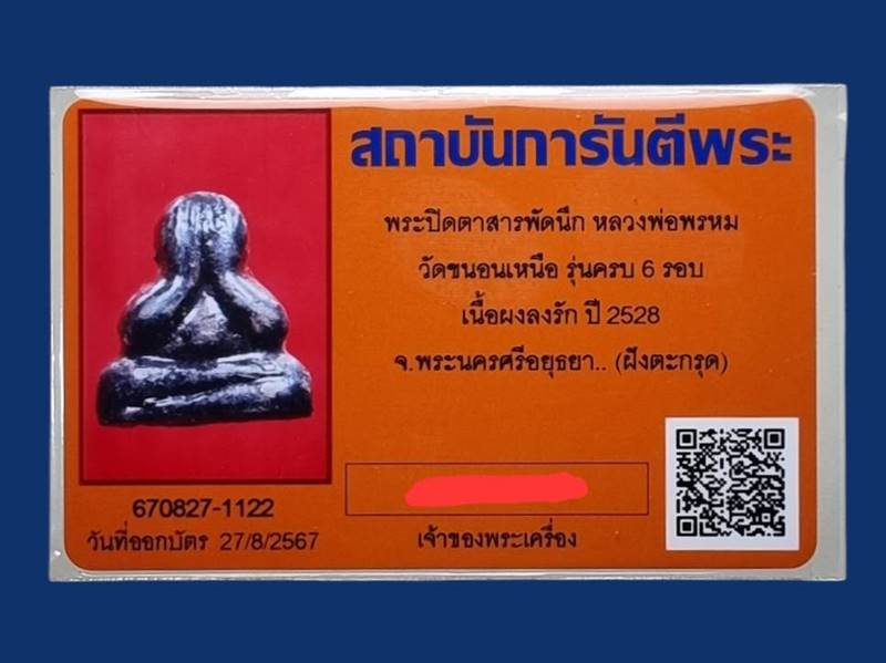 พระปิดตา สารพัดนึก 6 รอบ ฝังตะกรุด ปี 2528 หลวงพ่อพรห์ม วัดขนอนเหนือ จ.อยุธยา เนื้อผงจุ่มรัก สุดคลาสสิค สภาพสวย พร้อมบัตรรับรอง
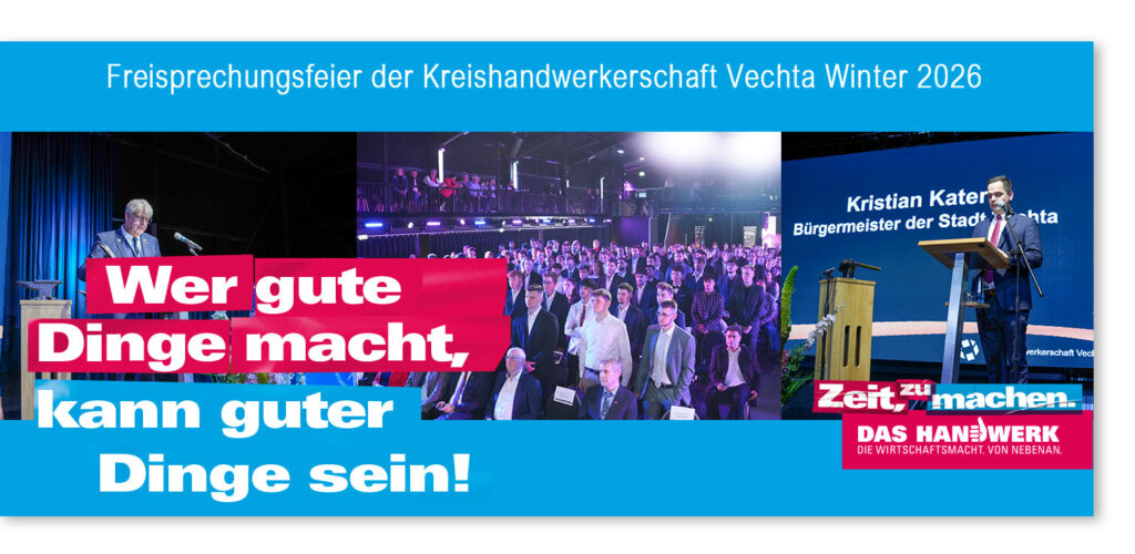 Die Kreishandwerkerschaft Vechta vertritt im Landkreis Vechta die Interessen des selbständigen Handwerks und führt die Geschäfte von 13 Handwerks-Innungen. Wir verstehen das Handwerk als die Wirtschaftsmacht von nebenan, bündeln Interessen und handeln mit Beratung, Bildung, Informationen und Dienstleistungen.
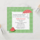 Sweet square baby shower invitation done in a green and white gingham pattern, with a square scalloped edge white text area, in the middle. Colourful graphics of a watermelon slice, decorates the bottom left corner of the invitation and an umbrella done in watermelon colours decorates the top right corner. Personalise black and salmon pink custom text to suit your shower needs. Lovely invitation the mum to be will cherish and perfect for a Summer time baby shower.
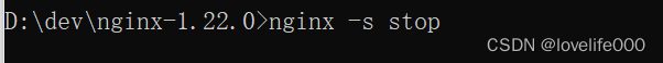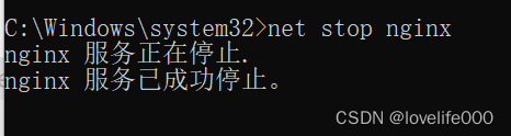 如果想要关闭服务的话在命令提示符(管理员模式)下输入net stop nginx命令
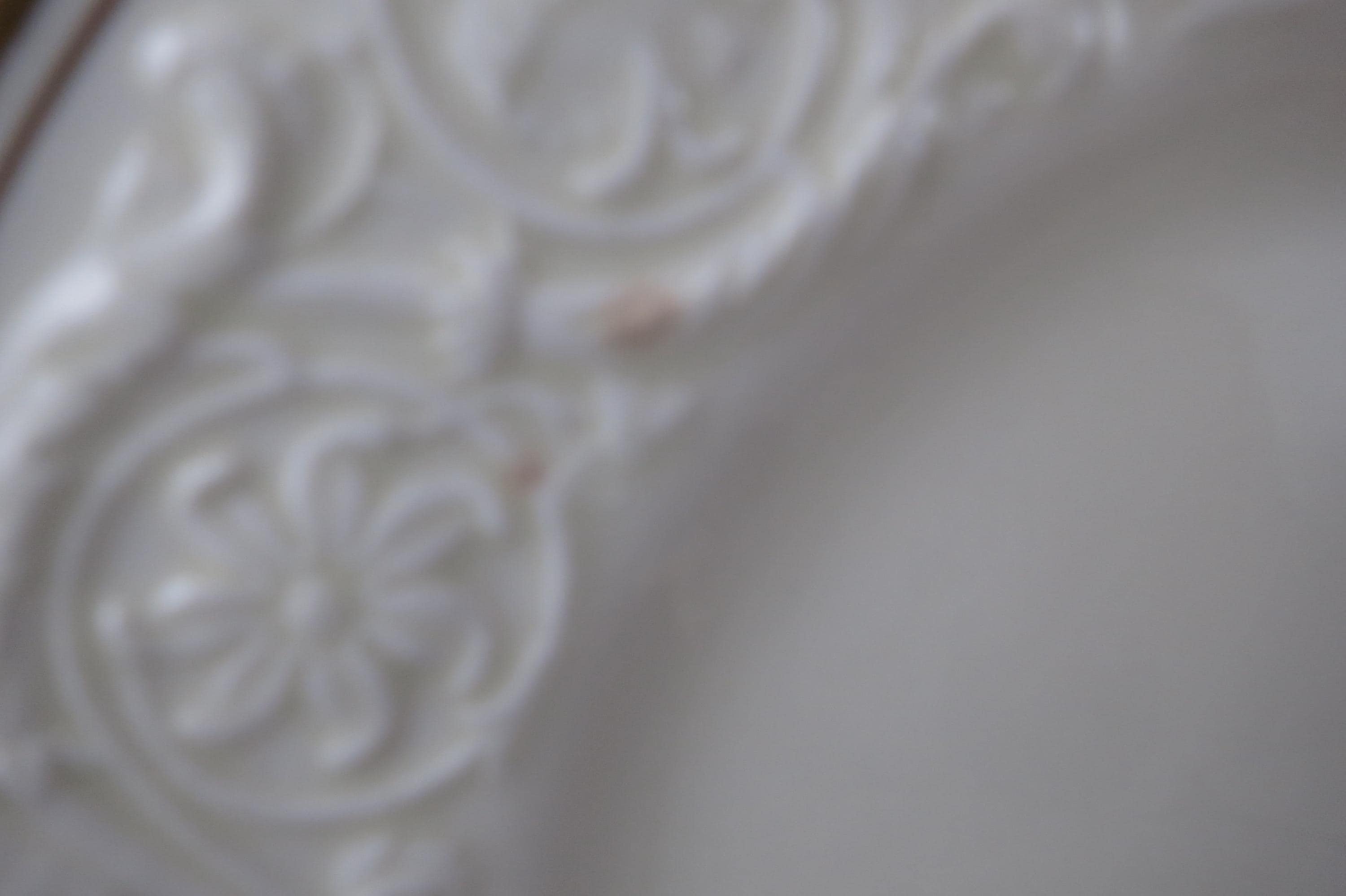 These 7 plates are in very good condition. They are chip and crack free but do have small brown spots in the porcelain, common for this type. These will work quite well with frequently used sets, several of them have barely visible spots.
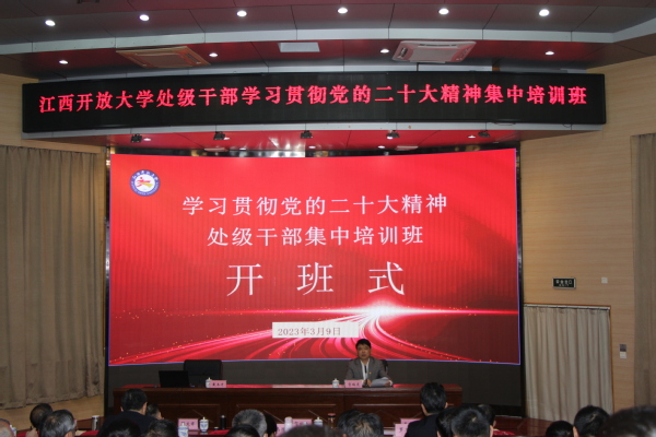 3月9日上午,yl23455永利官网处级干部学习贯彻党的二十大精神集中培训班正式开班。校党委书记贺瑞虎主持并作开班动员讲话。在家校领导出席、全体处级干部参加。全省各设区市开放大学领导干部以线上方式参会。

######

● **Work item**
Without including any pictures, set down word for word every line from the one containing "如果想要关闭服务的话在命令提示符(管理员模式)下输入net stop nginx命令" through the last line of the material.

● **Answer to the exercise**
 如果想要关闭服务的话在命令提示符(管理员模式)下输入net stop nginx命令
 These 7 plates are in very good condition. They are chip and crack free but do have small brown spots in the porcelain, common for this type. These will work quite well with frequently used sets, several of them have barely visible spots.
 3月9日上午,yl23455永利官网处级干部学习贯彻党的二十大精神集中培训班正式开班。校党委书记贺瑞虎主持并作开班动员讲话。在家校领导出席、全体处级干部参加。全省各设区市开放大学领导干部以线上方式参会。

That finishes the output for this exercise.